We're finally leaving when we hear a voice behind us, Shayden finishes putting our shopping bags into the trunk of his car.

"Shay!"

We turn around as Taylor jogs over to us, Shayden's eyebrows furrow.

"Hey, man. You good?

"You were asking about Cameron last week so I did some digging."

I tense up at the name, the resurfacing memories of that night hitting me like a hurricane. The anxiety, dread, fear.

As much as I didn't want it to be true, I knew what Taylor was going to say next. I fucking knew it.

"He's been in prison for the past three years apparently." Taylor looks solemn, like he can't believe the words he's saying.

"Oh?" Shayden cocks an eyebrow, seeming just as surprised as Taylor was.

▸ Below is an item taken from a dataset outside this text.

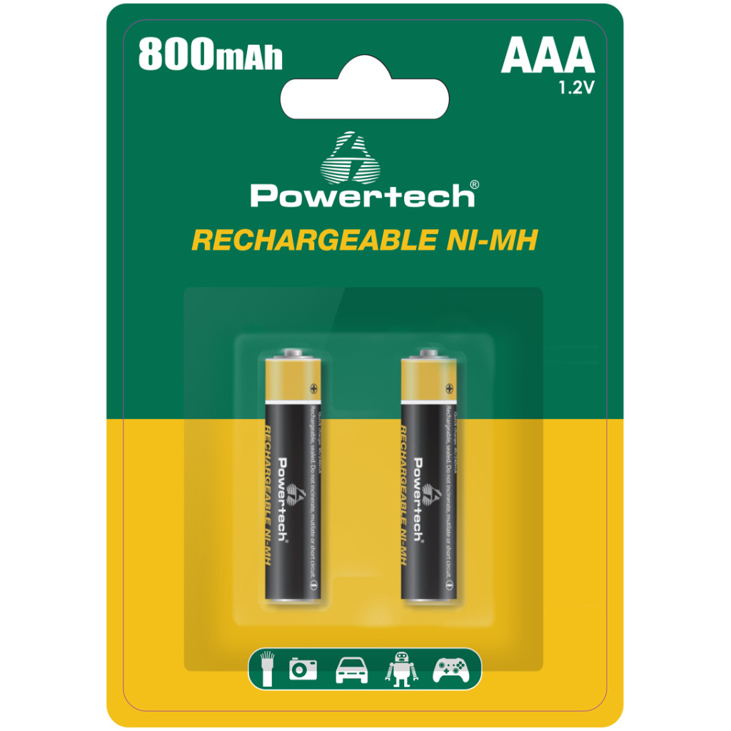 POWERTECH επαναφορτιζόμενες μπαταρίες NI-MH PT-1403, AAA, 800mah, 1.2V, 2τμχ

"Yeah, Libbie was told he had sex with someone and they cried rape. Apparently anyways." The way Taylor says it tells me straight away that he doesn't believe a word of it. "I just remembered so I thought I should let you know. See you both later."

Taylor walks off, leaving both Shay and me alone.

He's looking at me. I can feel it with every sense in my body. No matter how much comfort his black eyes bring me, I can't find it within myself to look at him. I can't. I can't face it.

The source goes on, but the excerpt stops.